U.S. Existing Home Sales Plunge To Nearly 10-Year Low In April

With economic lockdowns temporarily disrupting home sales, the National Association of Realtors released a report on Thursday showing another steep drop in U.S. existing home sales in the month of April.

NAR said existing home sales plunged by 17.8 percent to an annual rate of 4.33 million in April after tumbling by 8.5 percent to 5.27 million in March. Economists had expected existing home sales to plummet to a rate of 4.30 million.

The continued nosedive pulled existing home sales down to their lowest level since hitting 3.45 million in July of 2010.

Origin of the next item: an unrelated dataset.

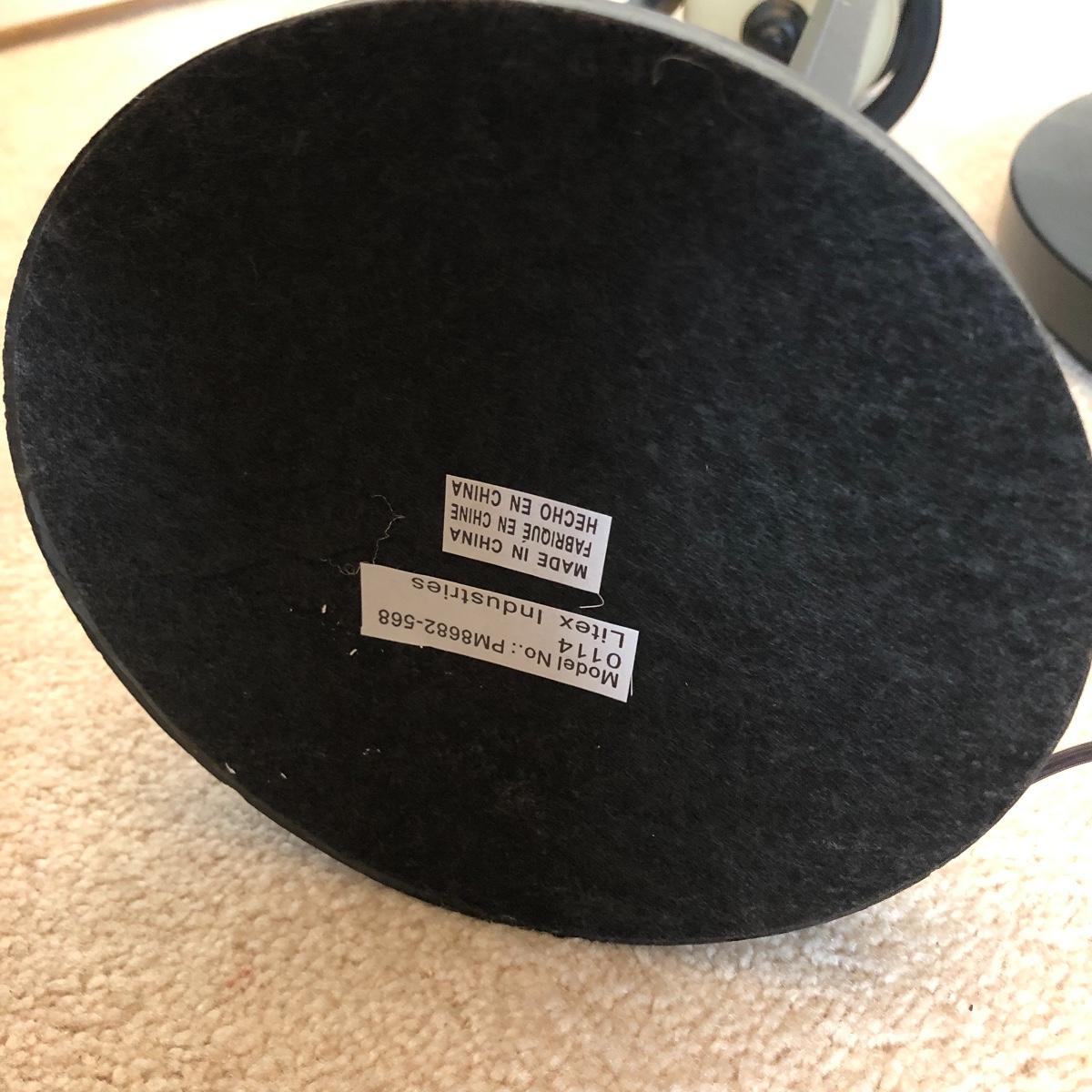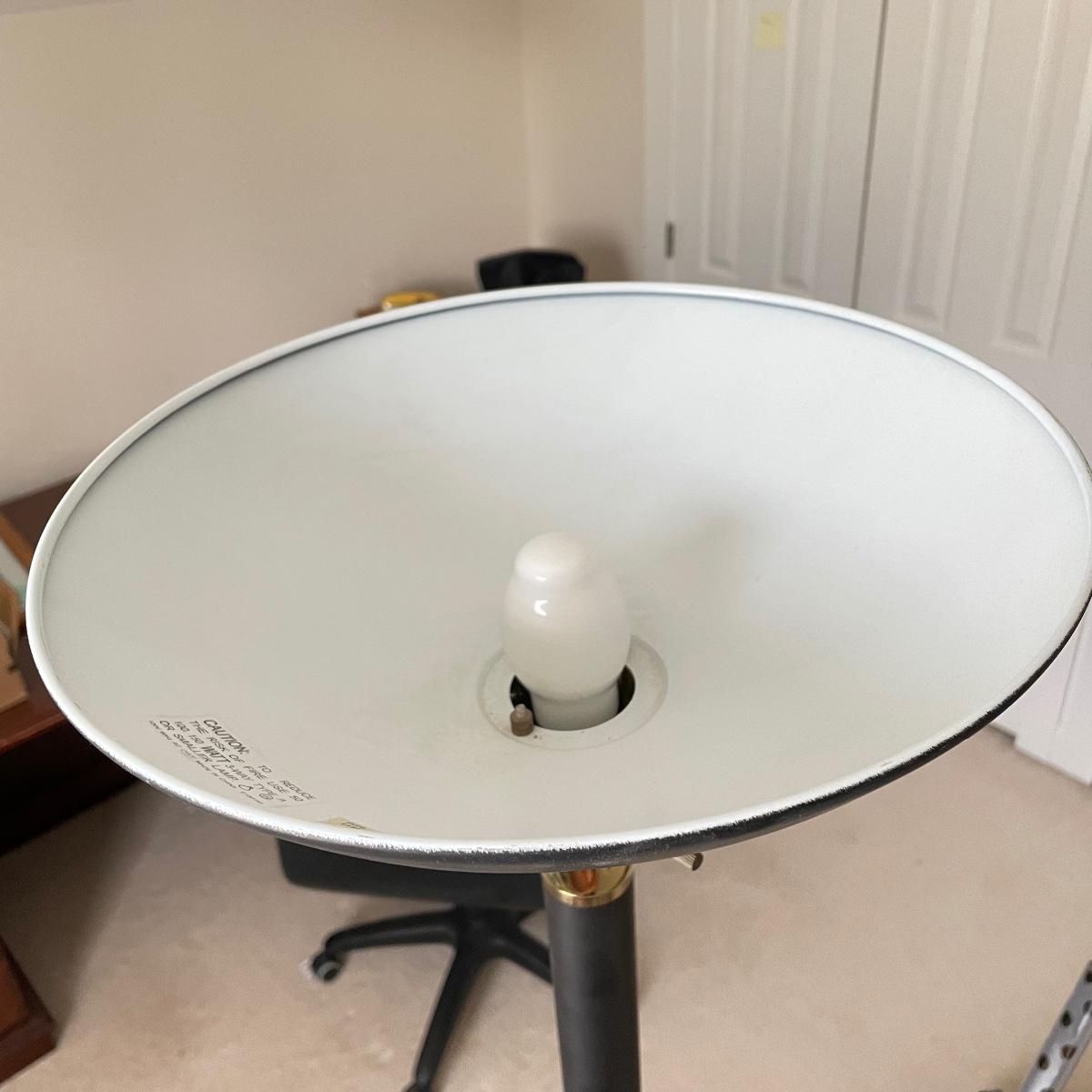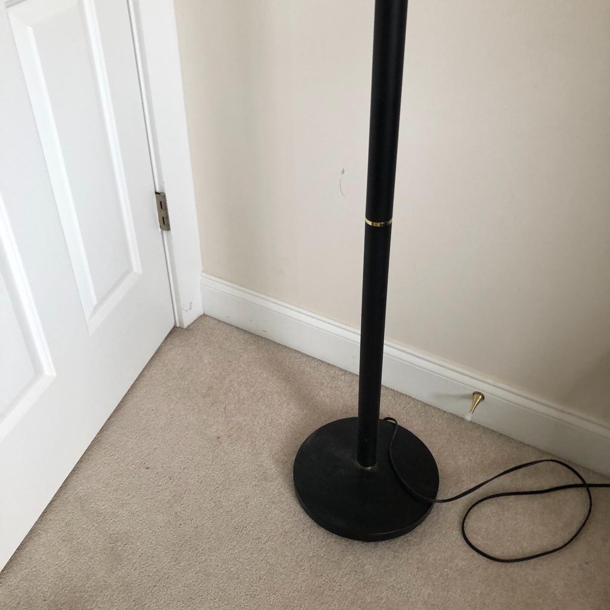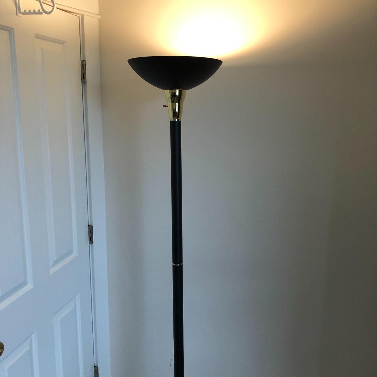 Lot includes black metal floor lamp and a bronze colored 31” tall metal table lamp. Floor lamp measures 12.5”D x 72” tall.

“The economic lockdowns – occurring from mid-March through April in most states – have temporarily disrupted home sales,” said NAR chief economist Lawrence Yun. “But the listings that are on the market are still attracting buyers and boosting home prices.”

The report said the median existing-home price for all housing types in April was $286,800, up 2.2 percent from $280,700 in March and up 7.4 percent from $267,000 in April of 2019.

NAR said there were 1.47 million homes for sale at the end of April, down 1.3 percent from 1.49 million at the end of March and down 19.7 percent from 1.83 million a year ago.

The unsold inventory represents 4.1 months of supply at the current sales rate compared to 3.4 months of supply in March and 4.2 months of supply in April of 2019.

“Record-low mortgage rates are likely to remain in place for the rest of the year, and will be the key factor driving housing demand as state economies steadily reopen,” Yun said. “Still, more listings and increased home construction will be needed to tame price growth.”

The report also said single-family home sales slumped by 16.9 percent to a rate of 3.94 million in April, while existing condominium and co-op sales plunged by 26.4 percent to 390,000.

Next Tuesday, the Commerce Department is scheduled to release a separate report on new home sales in the month of April. New home sales are expected to plummet by about 17.0 percent.